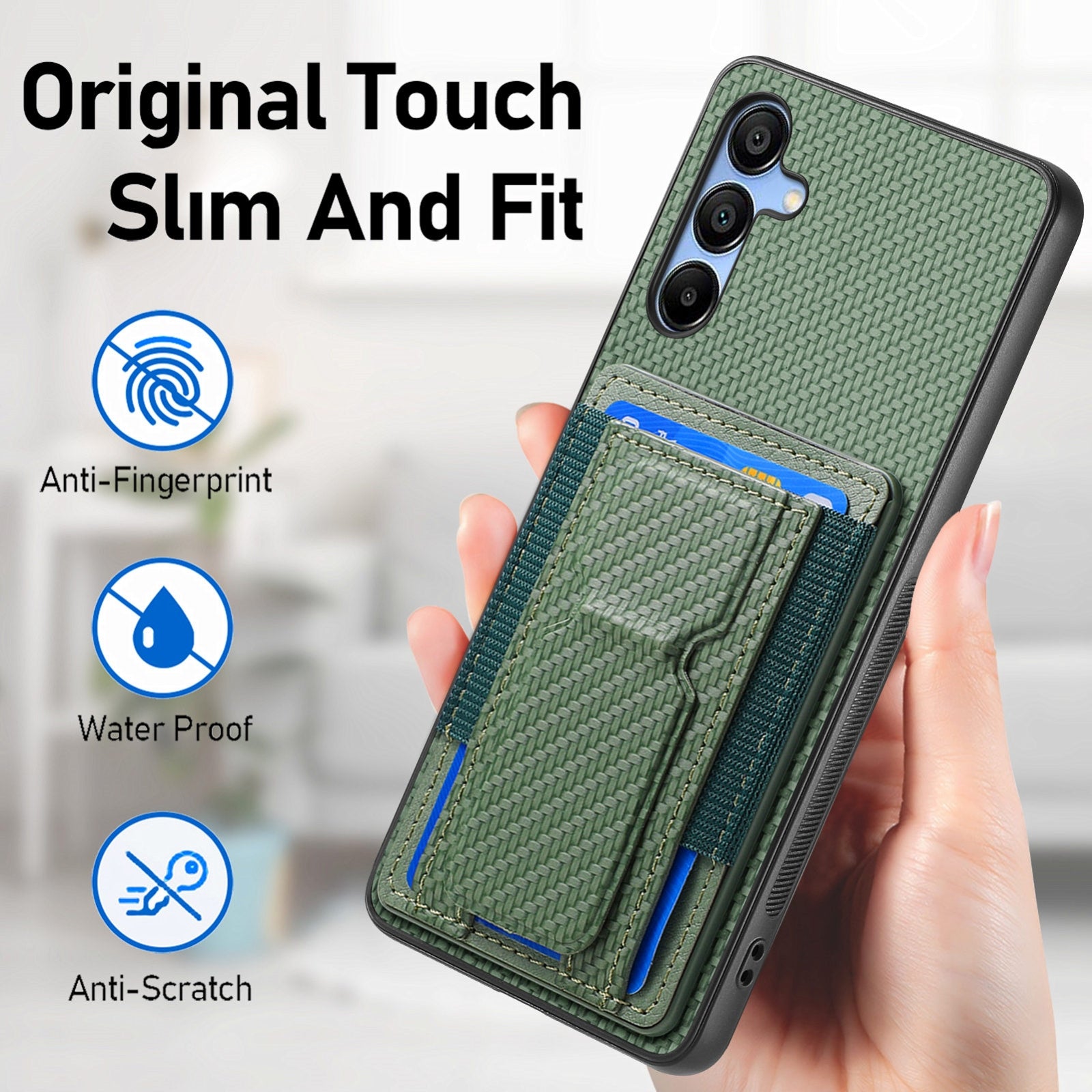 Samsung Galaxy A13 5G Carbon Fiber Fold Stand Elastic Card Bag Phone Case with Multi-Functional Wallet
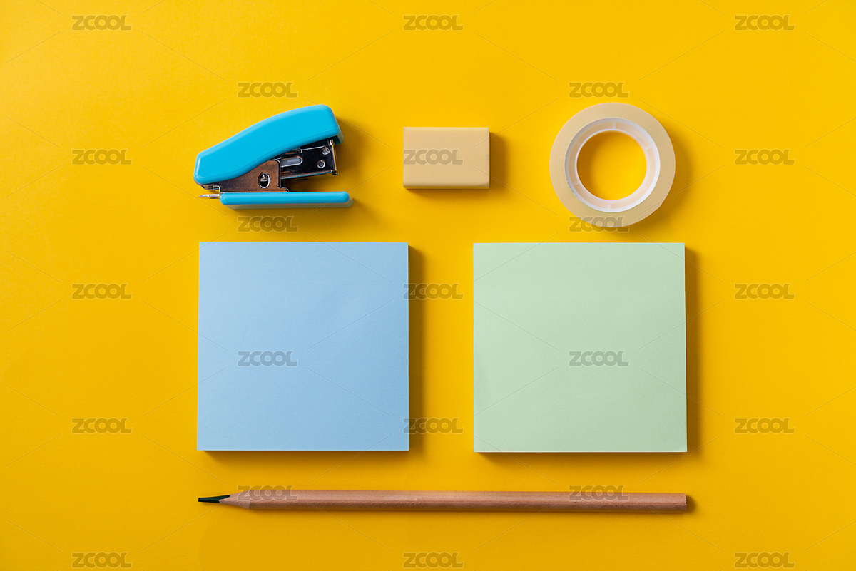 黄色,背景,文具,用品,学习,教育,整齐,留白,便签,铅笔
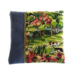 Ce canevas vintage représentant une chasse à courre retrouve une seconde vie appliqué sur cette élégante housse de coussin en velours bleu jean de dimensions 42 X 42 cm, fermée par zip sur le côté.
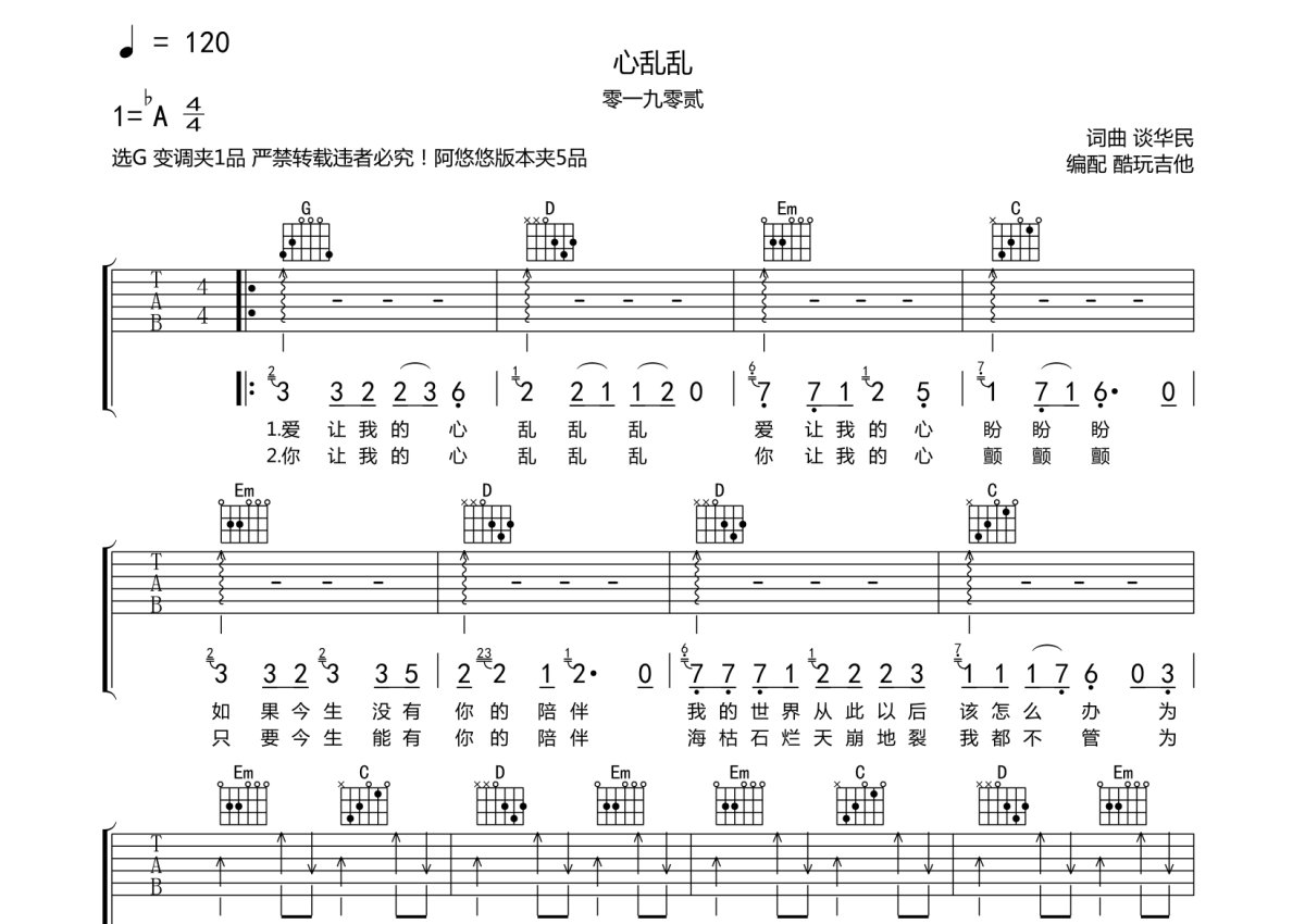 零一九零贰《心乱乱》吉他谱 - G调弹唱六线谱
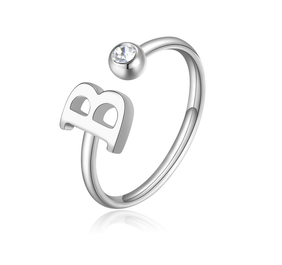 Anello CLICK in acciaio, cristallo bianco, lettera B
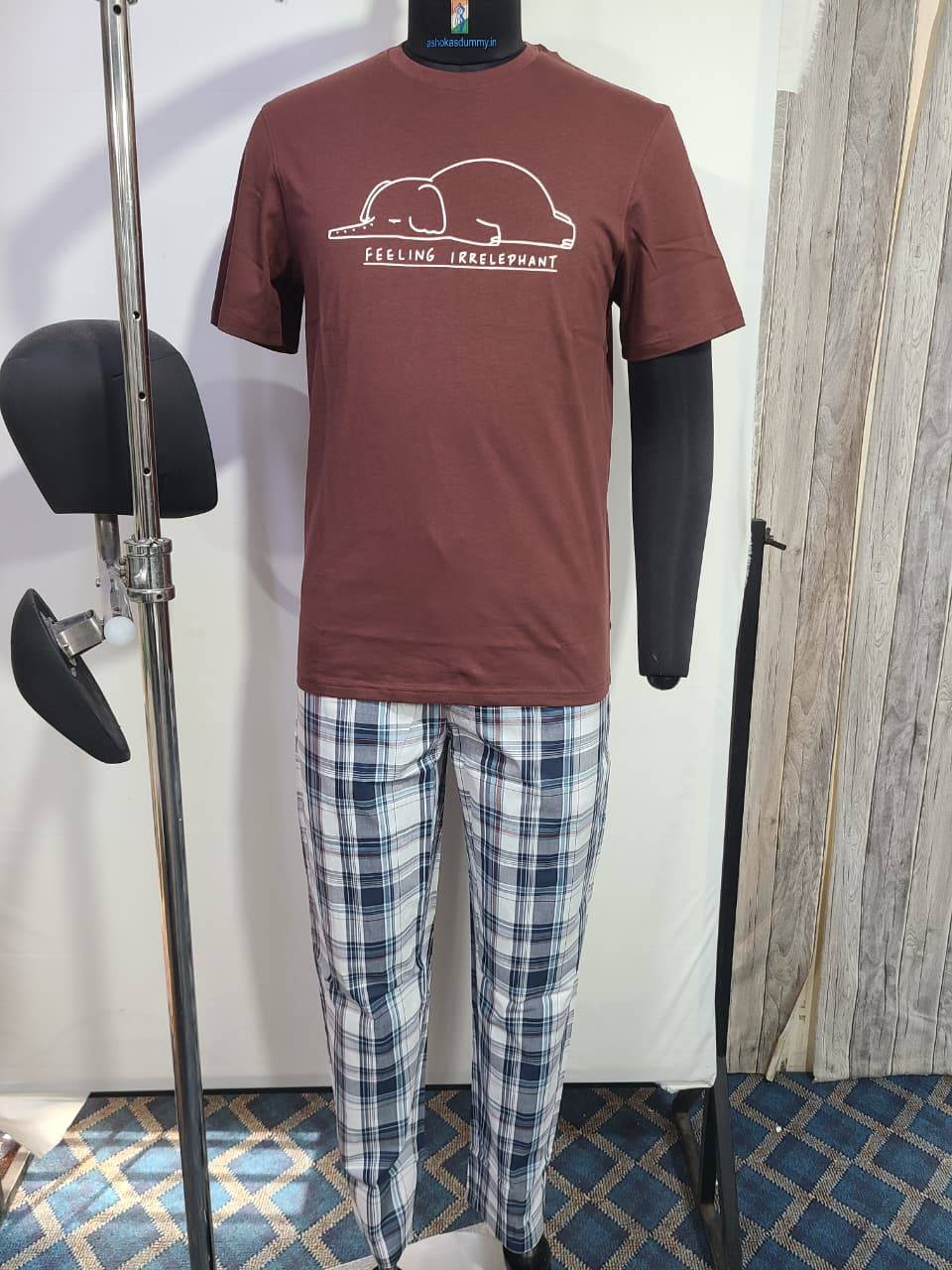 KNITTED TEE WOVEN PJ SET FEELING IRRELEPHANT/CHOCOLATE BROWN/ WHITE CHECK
^^^^^^^^
### Problem
Output every record verbatim, excluding any picture it contains.

### Output of the task
 Samsung Galaxy A13 5G Carbon Fiber Fold Stand Elastic Card Bag Phone Case with Multi-Functional Wallet
 黄色,背景,文具,用品,学习,教育,整齐,留白,便签,铅笔
 Ce canevas vintage représentant une chasse à courre retrouve une seconde vie appliqué sur cette élégante housse de coussin en velours bleu jean de dimensions 42 X 42 cm, fermée par zip sur le côté.
 零一九零贰《心乱乱》吉他谱 - G调弹唱六线谱
 Anello CLICK in acciaio, cristallo bianco, lettera B
 KNITTED TEE WOVEN PJ SET FEELING IRRELEPHANT/CHOCOLATE BROWN/ WHITE CHECK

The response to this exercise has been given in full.